VIRADA CULTURAL: COMO FOI A PARTICIPAÇÃO DO MOVIMENTO POPULAR DE ARTE DE SÃO MIGUEL PAULISTA
Domingo, 19 de maio, 13:05. Entro no metrô, estação Brás. Penso em desabafar com o João, “estamos atrasando”. Mas fico quieto, “pra que afobar o menino?” Nervoso, opto por descer no Anhangabaú, quando o certo seria descer na estação República, bem mais próxima da Galeria Olido. Subimos as escadas rolantes e pegamos o caminho via Cel. Xavier de Toledo. Sempre agitada, com um cotidiano de táxis e ônibus, hoje não, hoje está tranqüila, vazia. De todos os lados espocam sons vindos dos baixos do Viaduto do Chá, da Ladeira da Memória, da Barão de Itapetininga, a Virada ta acontecendo, meu! Pena que estou com pressa. São Paulo, a minha Sampalândia, está vivendo seu dia de ludicidade e eu nem posso degustar direito. Contorno o Municipal, entro pela 24 de Maio, comento “pô, filho, a Galeria do Rock tá fechada!” E ele, meio decepcionado, “É!” Às 13:21 entro esbaforido na Olido.

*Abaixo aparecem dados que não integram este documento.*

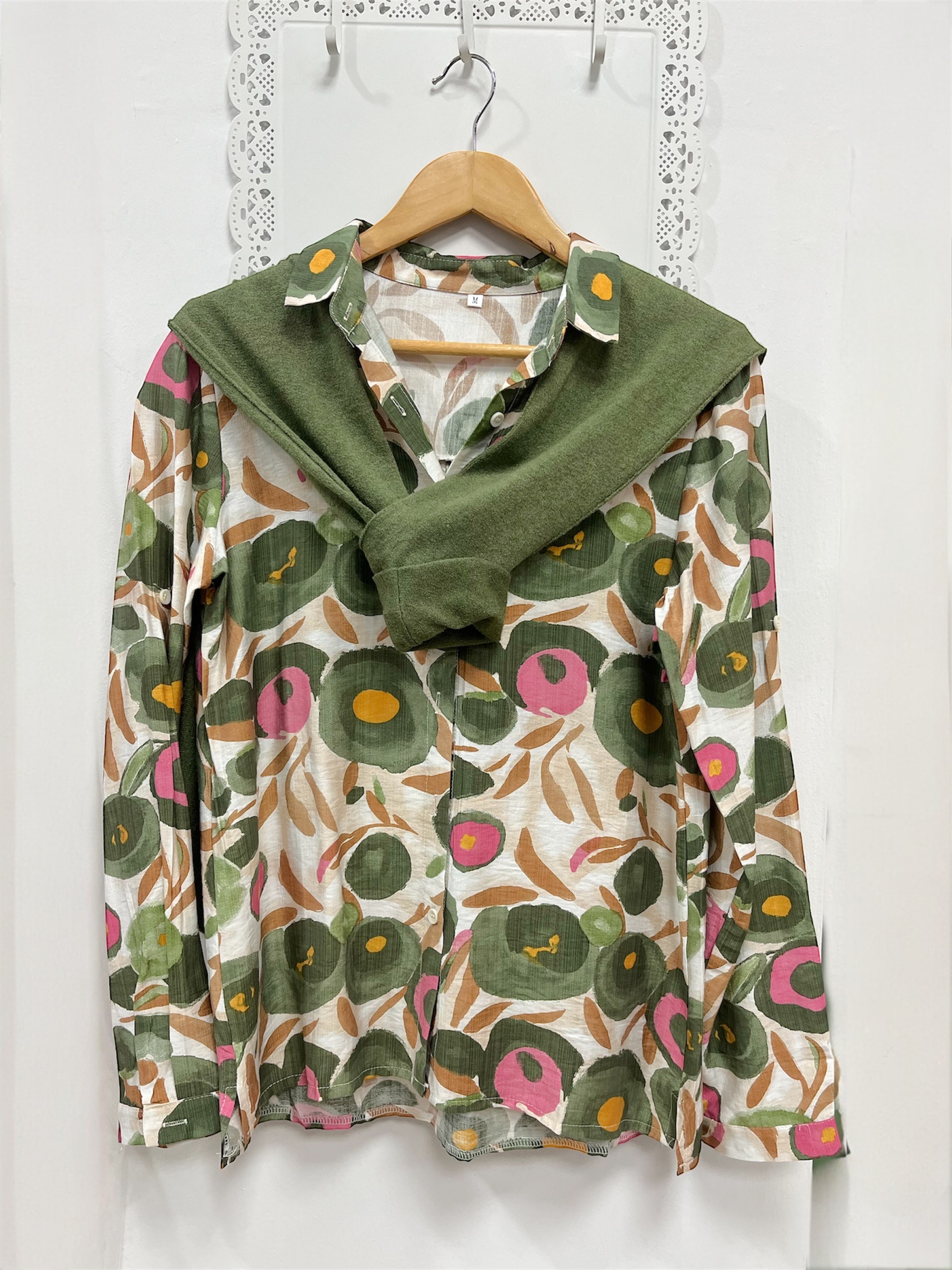 Camisa de estampado floral en tonos verde, rosa, blanco…
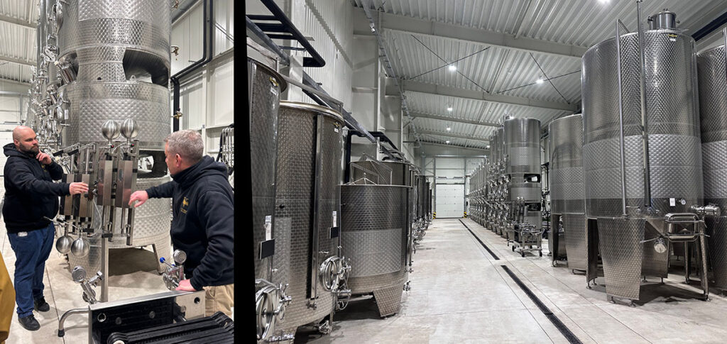 Winnica znajduje się niedaleko Grójca, 50 km od Warszawy i wciąż jest młodziutka – pierwsze nasadzenia były w 2022 roku. Rok temu miała powierzchnię 22 ha i już była największą na Mazowszu. Teraz liczy 40 ha i jest w w pierwszej czwórce największych winnic w Polsce. Warto tu przyjechać na dłużej niż kilka godzin, bo miejsce ma wiele do zaoferowania. Piękny klasycystyczny pałac, ogromny park, oranżeria, Rezerwat przyrody Modrzewina, pole golfowe, własne pszczoły, 80 ha sadów, 22 sale konferencyjne, 140 miejsc noclegowych (będzie dużo więcej, bo trwa budowa hotelu).
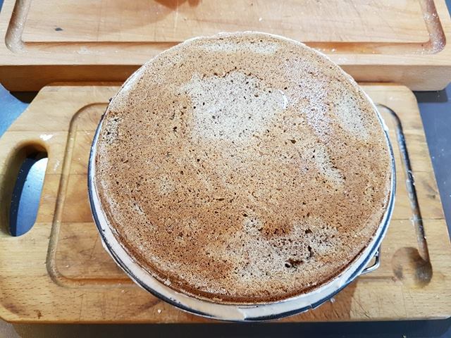 Et partagez le tout dans deux moules à manqué démontable avec charnière (déjà beurrés et saupoudrés de farine), en vous aidant toujours avec la spatule. Faites cuire au four à 180° pendant 15 minutes, et vous obtiendrez deux biscuits souples et parfumés.
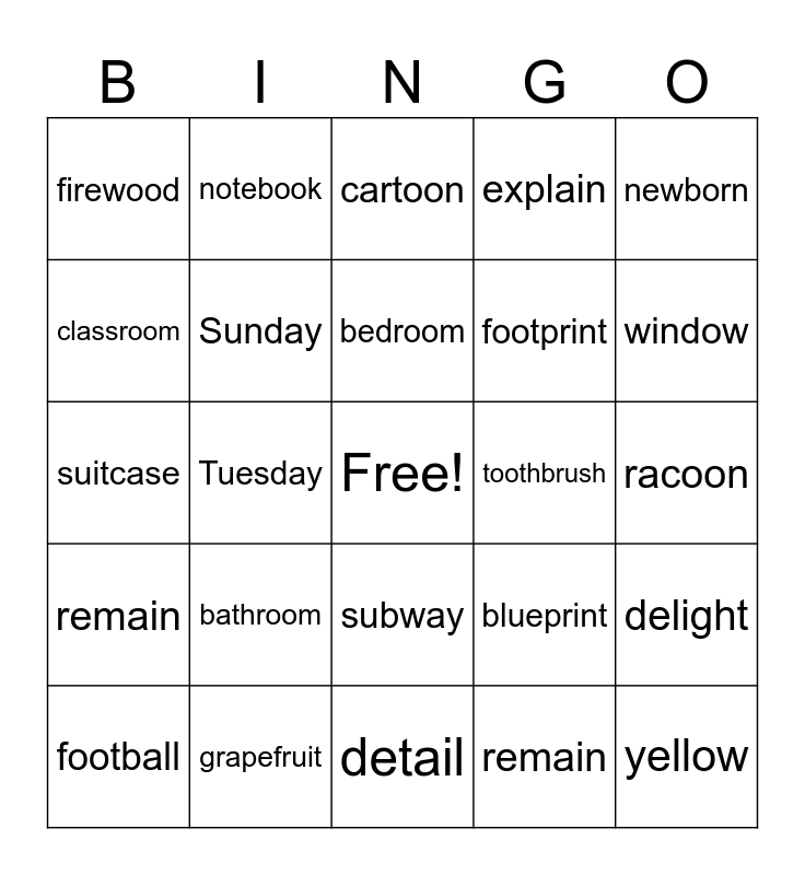 This bingo card has a free space and 24 words: bathroom, grapefruit, bedroom, football, newborn, firewood, classroom, notebook, toothbrush, subway, footprint, suitcase, blueprint, delight, Sunday, remain, racoon, cartoon, window, Tuesday, yellow, remain, explain and detail.
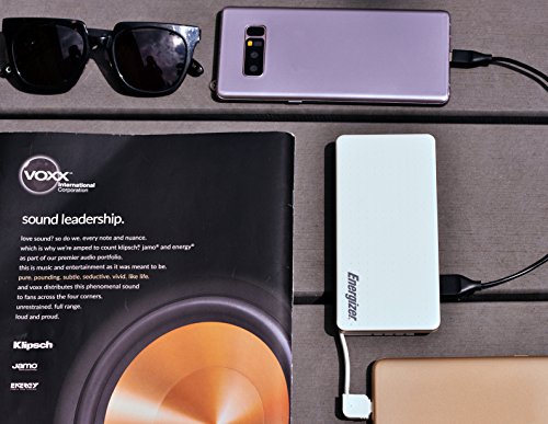 Energizer 10000mAh power bank with USB Type C Cable for Huawei P20 Pro/Mate 20 Pro, Samsung Galaxy S9 with extra USB A (2.4A) for other devices
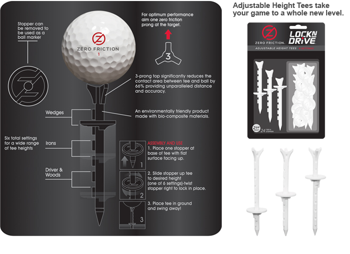 The Zero Friction Lock n Drive™ is a unique tee system that allows you to place your tee at the same consistent height every time, and is complete with Zero Friction’s™ patented 3-prong design. This allows for the Lock n Drive™ to deliver accuracy in height and at impact every time.

Cheguei a tempo. Tento encontrar o Éder, a Lígia e o Akira para desculpar-me pelo atraso, mas não os encontro. Fico sabendo, que eles já passaram o som, e separaram um microfone pra mim, testado e pronto. Família sincronizada pelo relógio da poesia.
Menos de quinze minutos depois Zulu de Arrebatá e sua trupe iniciavam a contribuição que o MPA (Movimento Popular de Arte), dos distantes rincões São Miguel Paulista – no extremo leste – veio dar para a Virada Cultural 2013.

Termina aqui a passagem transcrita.